## What to do
If an entry includes an image, drop the image and copy the rest verbatim.

(Items listed in a dataset)
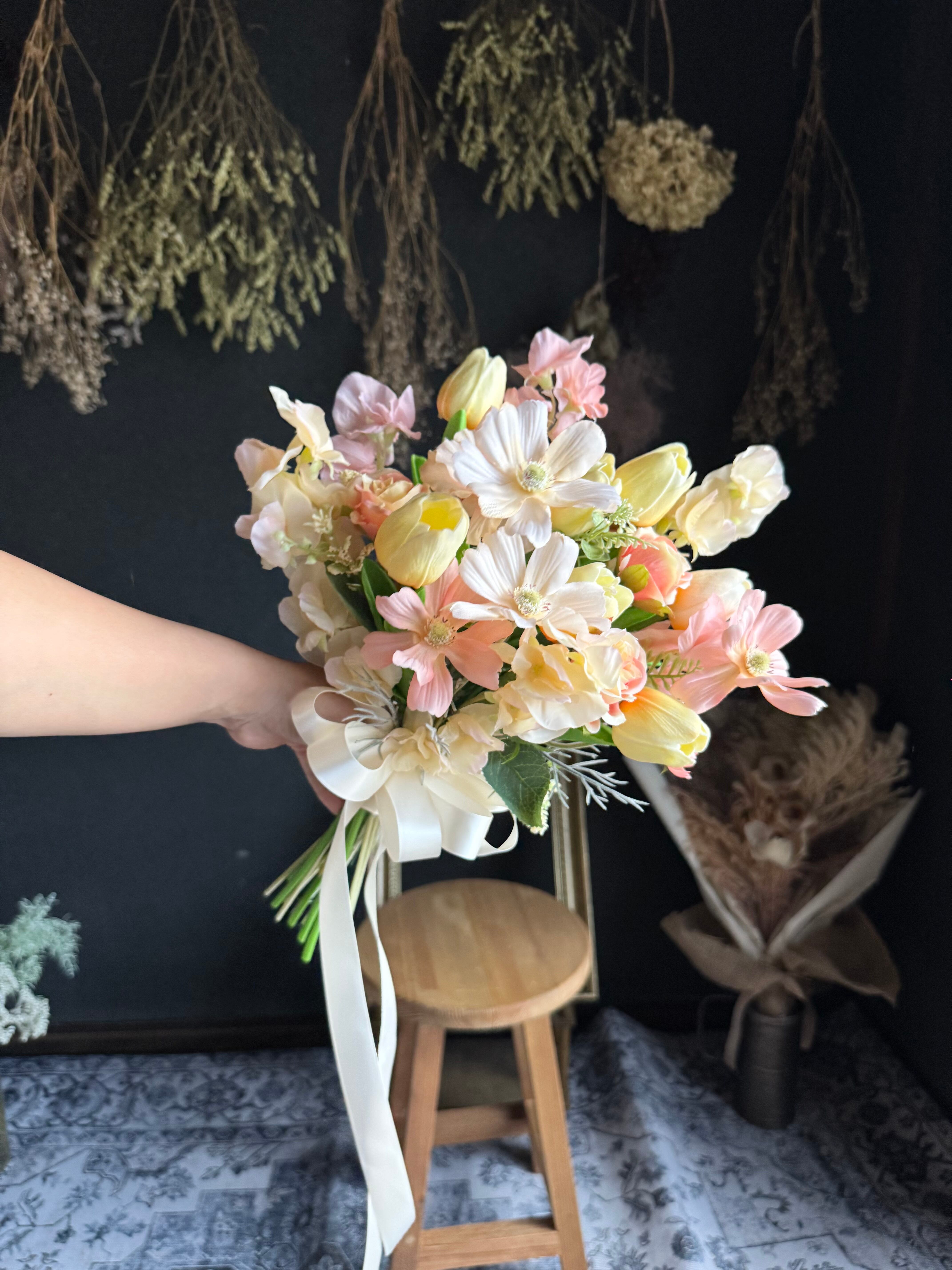 チューリップやコスモス・小花をバランスよく束ね、ボリューム感を持たせながらも上品で甘すぎない印象に。
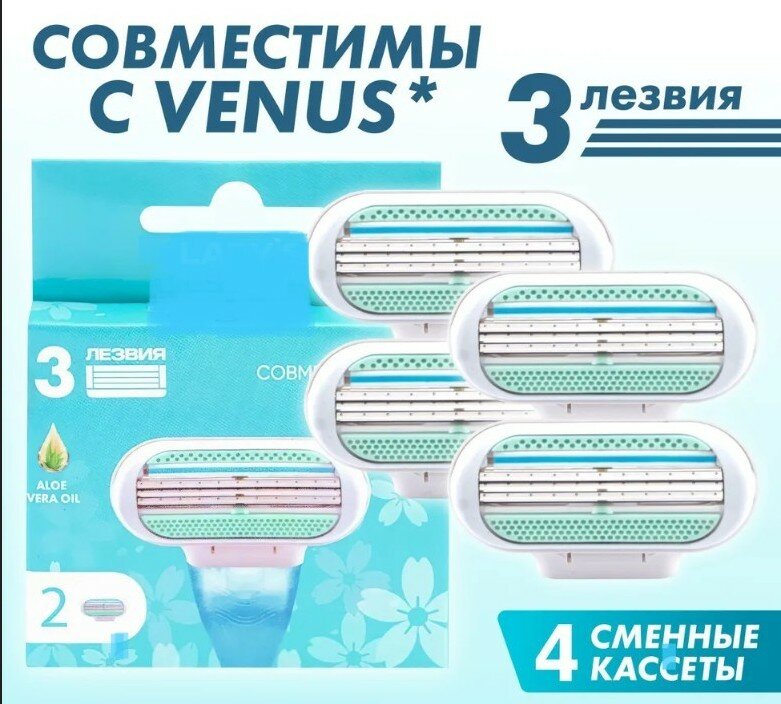 Женские сменные кассеты для бритья совместимые с Venus/Венус ,4 кассеты. информация:
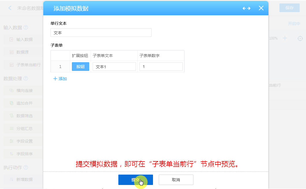 添加模拟数据方便配置其他节点功能,进行数据效果预览。
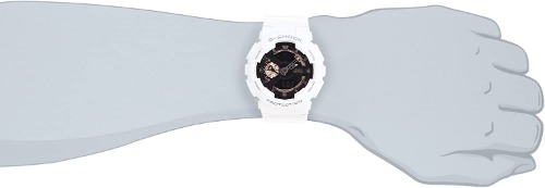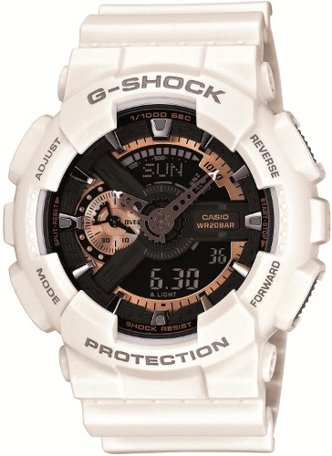 GA-110RG-7Aはホワイトとブラックのコントラストがクールなデザインで、ローズゴールドを差すことで柔らかさをプラスしています。
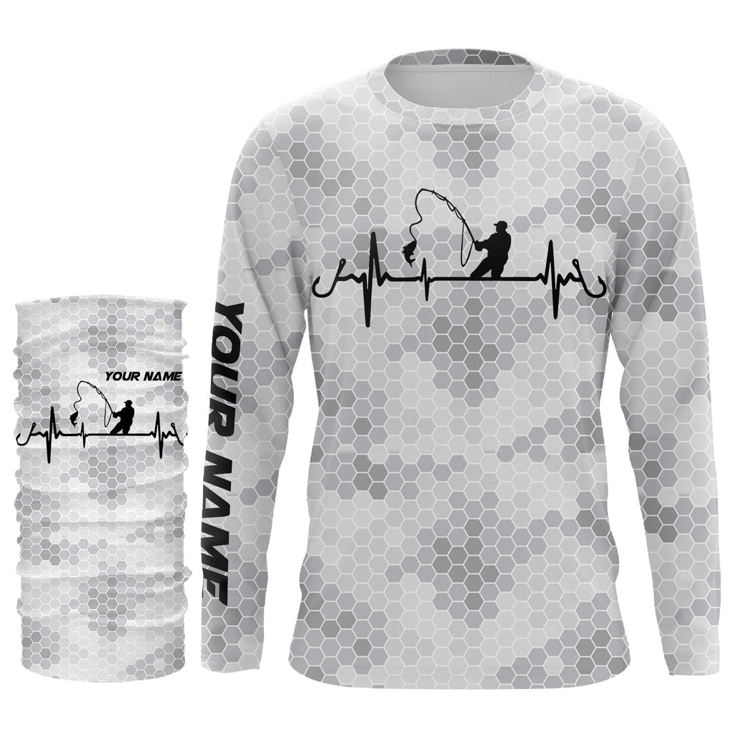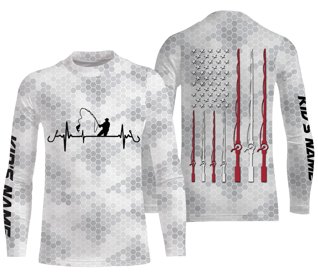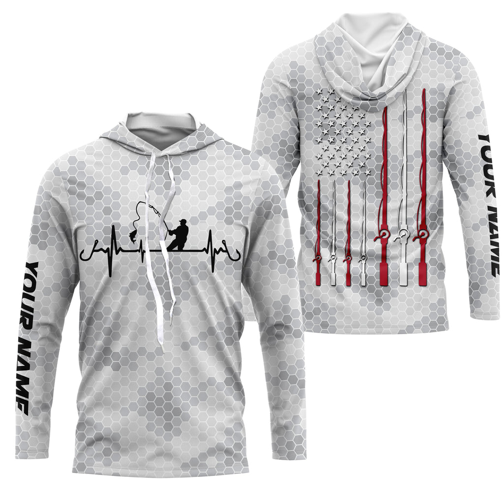 Fishing Heartbeat American flag fishing rod custom name Long Sleeve performance Fishing Shirts jerseys NQS4533
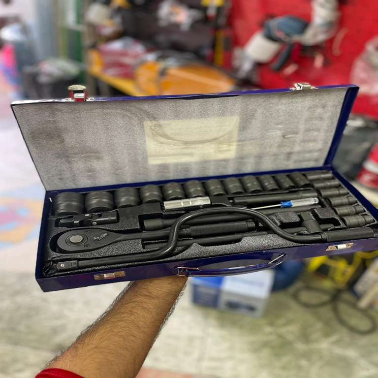 جعبه بکس 26 پارچه فشار قوی هیلتی (مشکی) شامل : بکس تکی از سایز 8 تا 32 هندلی جغجغه واسطه کوتاه و بلند لغلغه کشویی و ... در یک جعبه فلزی تقدیم میشود.
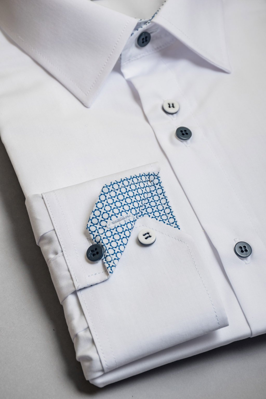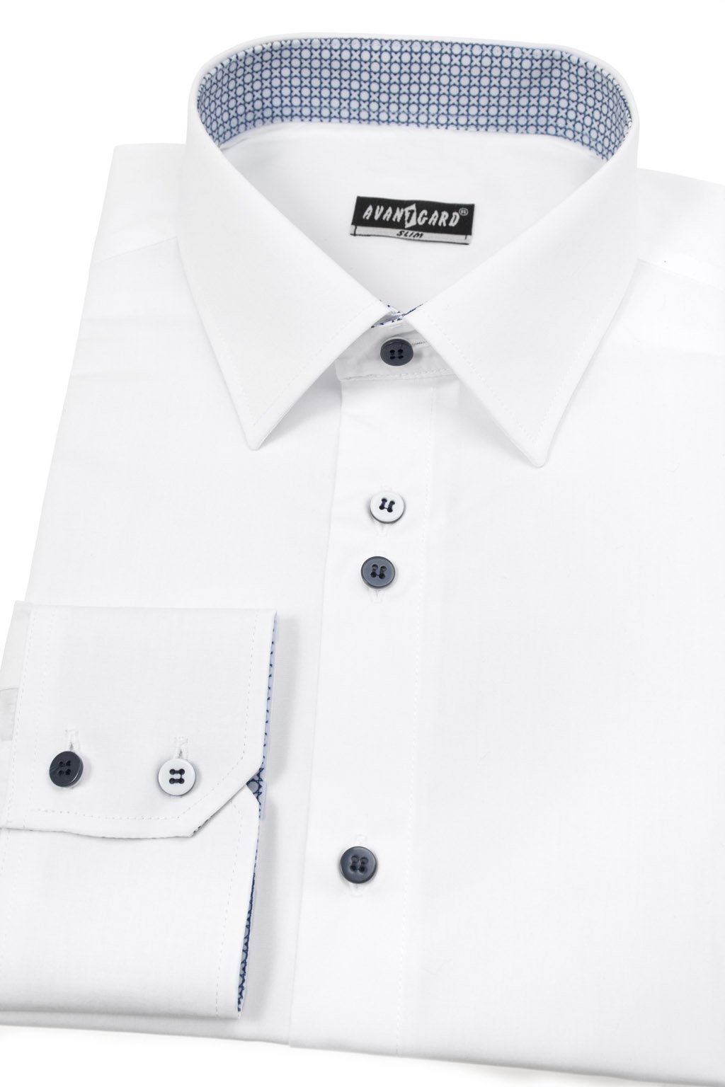 Košile v luxusním provedení vyštíhleného střihu SLIM s piccolo límečkem. Kontrastní materiál je na vnitřních manžetách a límečku.
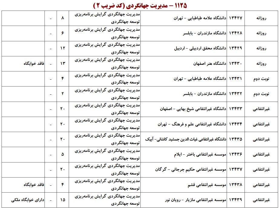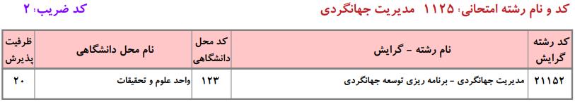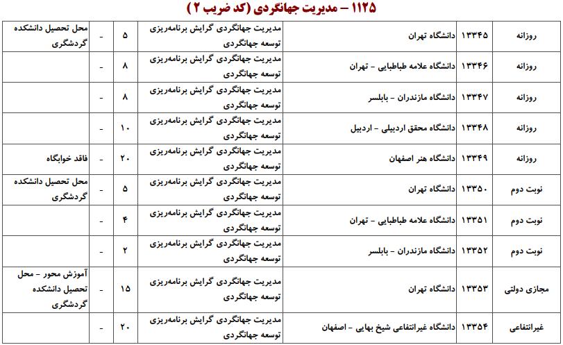 ظرفیت کنکور کارشناسی ارشد رشته مدیریت جهانگردی (کد ۱۱۲۵)
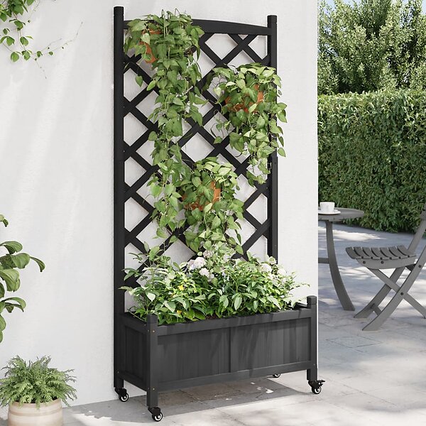 vidaXL Odlingslåda med spaljé och hjul svart massivt granträ 3207652

## Problem solution
 チューリップやコスモス・小花をバランスよく束ね、ボリューム感を持たせながらも上品で甘すぎない印象に。
 Женские сменные кассеты для бритья совместимые с Venus/Венус ,4 кассеты. информация:
 添加模拟数据方便配置其他节点功能,进行数据效果预览。
 GA-110RG-7Aはホワイトとブラックのコントラストがクールなデザインで、ローズゴールドを差すことで柔らかさをプラスしています。
 Fishing Heartbeat American flag fishing rod custom name Long Sleeve performance Fishing Shirts jerseys NQS4533
 جعبه بکس 26 پارچه فشار قوی هیلتی (مشکی) شامل : بکس تکی از سایز 8 تا 32 هندلی جغجغه واسطه کوتاه و بلند لغلغه کشویی و ... در یک جعبه فلزی تقدیم میشود.
 Košile v luxusním provedení vyštíhleného střihu SLIM s piccolo límečkem. Kontrastní materiál je na vnitřních manžetách a límečku.
 ظرفیت کنکور کارشناسی ارشد رشته مدیریت جهانگردی (کد ۱۱۲۵)
 vidaXL Odlingslåda med spaljé och hjul svart massivt granträ 3207652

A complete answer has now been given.